The case went to court and Trevor, a detective police sergeant with an exemplary record, was convicted and sentenced to eight years in prison.

But Alison’s faith in her husband of 24 years did not waver. ‘I attended every day of the trial, and when they sent Trevor down I thought, "He has to know I’ll support him,"’ she says.

‘Our two daughters did too. I sent a note via his barrister saying, "Stay strong. We’re here for you." I said I loved him, because I did. Despite our differences, we’d never actually stopped loving each other.’

Alison’s faith has been proved to be justified. Trevor, 49, was released from prison on bail in July last year — after serving 13 months of his sentence — when three Appeal Court judges quashed his conviction. And two weeks ago he was completely exonerated when a crown court jury unanimously cleared him of rape, attempted rape and sexual touching.

But he would never have regained his freedom were it not for his wife’s extraordinary detective work.
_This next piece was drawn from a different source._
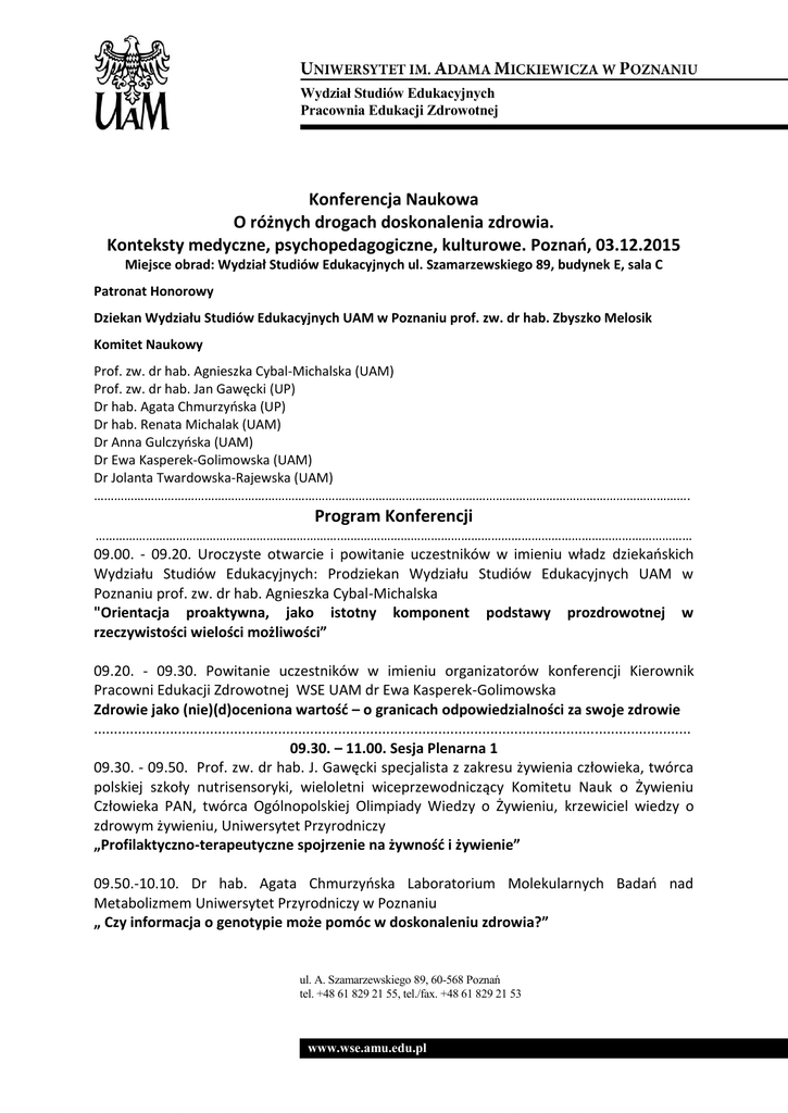 Wydział Studiów Edukacyjnych Pracownia Edukacji Zdrowotnej Konferencja Naukowa O różnych drogach doskonalenia zdrowia. Konteksty medyczne, psychopedagogiczne, kulturowe. Poznań, 03.12.2015 Miejsce obrad: Wydział Studiów Edukacyjnych ul. Szamarzewskiego 89, budynek E, sala C Patronat Honorowy Dziekan Wydziału Studiów Edukacyjnych UAM w Poznaniu prof. zw. dr hab. Zbyszko Melosik Komitet Naukowy Prof. zw. dr hab. Agnieszka Cybal-Michalska (UAM) Prof. zw. dr hab. Jan Gawęcki (UP) Dr hab. Agata Chmurzyńska (UP) Dr hab. Renata Michalak (UAM) Dr Anna Gulczyńska (UAM) Dr Ewa Kasperek-Golimowska (UAM) Dr Jolanta Twardowska-Rajewska (UAM) ……………………………………………………………………………………………………………………………………………………………. Program Konferencji ……………………………………………………………….…………………………………………………………………………………………… 09.00. - 09.20. Uroczyste otwarcie i powitanie uczestników w imieniu władz dziekańskich Wydziału Studiów Edukacyjnych: Prodziekan Wydziału Studiów Edukacyjnych UAM w Poznaniu prof. zw. dr hab. Agnieszka Cybal-Michalska "Orientacja proaktywna, jako istotny komponent podstawy prozdrowotnej w rzeczywistości wielości możliwości” 09.20. - 09.30. Powitanie uczestników w imieniu organizatorów konferencji Kierownik Pracowni Edukacji Zdrowotnej WSE UAM dr Ewa Kasperek-Golimowska Zdrowie jako (nie)(d)oceniona wartość – o granicach odpowiedzialności za swoje zdrowie ..................................................................................................................................................... 09.30. – 11.00. Sesja Plenarna 1 09.30. - 09.50. Prof. zw. dr hab. J. Gawęcki specjalista z zakresu żywienia człowieka, twórca polskiej szkoły nutrisensoryki, wieloletni wiceprzewodniczący Komitetu Nauk o Żywieniu Człowieka PAN, twórca Ogólnopolskiej Olimpiady Wiedzy o Żywieniu, krzewiciel wiedzy o zdrowym żywieniu, Uniwersytet Przyrodniczy „Profilaktyczno-terapeutyczne spojrzenie na żywność i żywienie” 09.50.-10.10. Dr hab. Agata Chmurzyńska Laboratorium Molekularnych Badań nad Metabolizmem Uniwersytet Przyrodniczy w Poznaniu „ Czy informacja o genotypie może pomóc w doskonaleniu zdrowia?” ul. A. Szamarzewskiego 89, 60-568 Poznań tel. +48 61 829 21 55, tel./fax. +48 61 829 21 53 www.wse.amu.edu.pl Wydział Studiów Edukacyjnych Pracownia Edukacji Zdrowotnej 10.10.-10.30. Dr Marzena Wiernicka Zakład Kinezyterapii Akademia Wychowania Fizycznego im. E. Piaseckiego w Poznaniu „Budowanie prawidłowych wzorców ruchowych podstawą zdrowego stylu życia” 10.30.- 10.50. Dr hab. Renata Michalak Zakład Edukacji Elementarnej i Terapii Pedagogicznej WSE UAM „Wpływ zdrowego stylu życia na rozwój i funkcjonowanie jednostki w kontekście neuroscience. Od poczęcia do późnej dorosłości” ……………………………………………………………………………………………………………………………………………… 11.00.- 11.30. - Przerwa na kawę ………………………………………………………………………………………………………………………………………………. 11.30.-13.00. Sesja plenarna 2 11.30. - 11.45. mgr Hanna Rajcic-Mergler Wicekurator Oświaty Kuratorium Oświaty w Poznaniu „Edukacja prozdrowotna w szkole i jej rola w przygotowaniu do zdrowego stylu życia” 11.45. - 12.00. mgr Irena Sierpowska-Glapiak Koordynator Szkół Promujących Zdrowie Kuratorium Oświaty, Delegatura w Lesznie „Dla zdrowia warto tworzyć szkoły promujące zdrowie i edukować od najmłodszych lat” 12.00. - 12.15. mgr Beata Witczak Ośrodek Doskonalenia Nauczycieli w Poznaniu, Zespół Szkół Licealno-Technicznych, ul. 28 Czerwca 1956 r. 352/360 w Poznaniu „Sukcesy i trudności promocji zdrowia w szkole na przykładzie wybranych poznańskich szkół” 12.15. - 12.30. mgr Alina Pioterek dr Agnieszka Dyk - Duszyńska Oddział Oświaty Zdrowotnej i Promocji Zdrowia Wojewódzkiej Stacji Sanitarno - Epidemiologicznej w Poznaniu „Działania w zakresie oświaty zdrowotnej i promocji zdrowia realizowane przez pracowników Państwowej Inspekcji Sanitarnej województwa wielkopolskiego” 12.30. - 12.45. Dr Agata Woźniak Gnieźnieńska Szkoła Wyższa Milenium w Gnieźnie, Pracownia Psychologiczno-Pedagogiczna, Poznań „Wspieranie zasobów w pracy z rodziną w przedszkolach, szkołach i placówkach” 12.45. - 13.00. mgr Agnieszka Kaczmarczyk Polskie Stowarzyszenie Pedagogów i Animatorów KLANZA „Wykorzystanie metod aktywizujących w edukacji zdrowotnej na przykładzie działań podejmowanych przez Polskie Stowarzyszenie Pedagogów i Animatorów KLANZA” ul. A. Szamarzewskiego 89, 60-568 Poznań tel. +48 61 829 21 55, tel./fax. +48 61 829 21 53 www.wse.amu.edu.pl Wydział Studiów Edukacyjnych Pracownia Edukacji Zdrowotnej ……………………………………………………………………………………………………………………………………………… 13.00.- 14.00 przerwa na lunch ……………………………………………………………………………………………………………………………………………… 14.00.-16.00. Sesja plenarna 3 14.00. - 14.15. dr Patrycja Rąglewska Zakład Fizykoterapii i Odnowy Biologicznej AWF w Poznaniu, WSEiT Wydział Zamiejscowy Szczecin, dr Renata Śleboda Zakład Tańca i Fitnessu AWF w Poznaniu, dr Małgorzata Woźniewicz - Dobrzyńska Zakład Metodyki Rekreacji AWF w Poznaniu „Profilaktyka stresu - techniki relaksacyjne i ich rola w ochronie i promocji zdrowia” 14.15. - 14.30. dr Barbara Jankowiak Zakład Promocji Zdrowia i Psychoterapii WSE UAM „Rola czynników chroniących w profilaktyce zachowań ryzykownych adolescentów” 14.30. - 14.45. dr Graży

For when Trevor was falsely imprisoned, Alison, 48, turned sleuth and traced a vital witness, whose evidence proved crucial in overturning his conviction.

Trevor was, indeed, an exceptional police officer. He had spent three and a half years in covert policing with the National Crime Agency, dealing with terrorists, armed robbers and murderers, and had won six commendations and awards. His heroism included tackling a machete-wielding thug and disarming a gunman on a street.
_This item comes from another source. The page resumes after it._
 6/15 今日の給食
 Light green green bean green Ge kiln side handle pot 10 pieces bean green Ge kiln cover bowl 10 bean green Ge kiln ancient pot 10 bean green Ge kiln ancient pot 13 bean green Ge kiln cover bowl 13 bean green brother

But his world began to fragment soon after he met his accuser, a 43-year-old mother-of-one, in a Nottingham bar on a night out with friends in July 2011. By then, Alison and he had been apart for three months; she had begun divorce proceedings and they hadn’t spoken to each other.

Trevor and the woman chatted and exchanged phone numbers. ‘We sent each other flirtatious, jocular texts,’ he says.

Phone conversations ensued, and they arranged to meet for a date at a bar in Nottingham on July 23. They each drank three or four glasses of wine and a double vodka — they were tipsy but not drunk he insists — then the woman invited Trevor back to her home.

There, her young daughter and another child, both under four, were asleep in the care of a babysitter.

Trevor recalls: ‘In the taxi we were kissing. Then she said she didn’t want her babysitter — who happened to be one of her employees — to see me, so she told me to wait in the kitchen, out of sight, until the babysitter had gone home.’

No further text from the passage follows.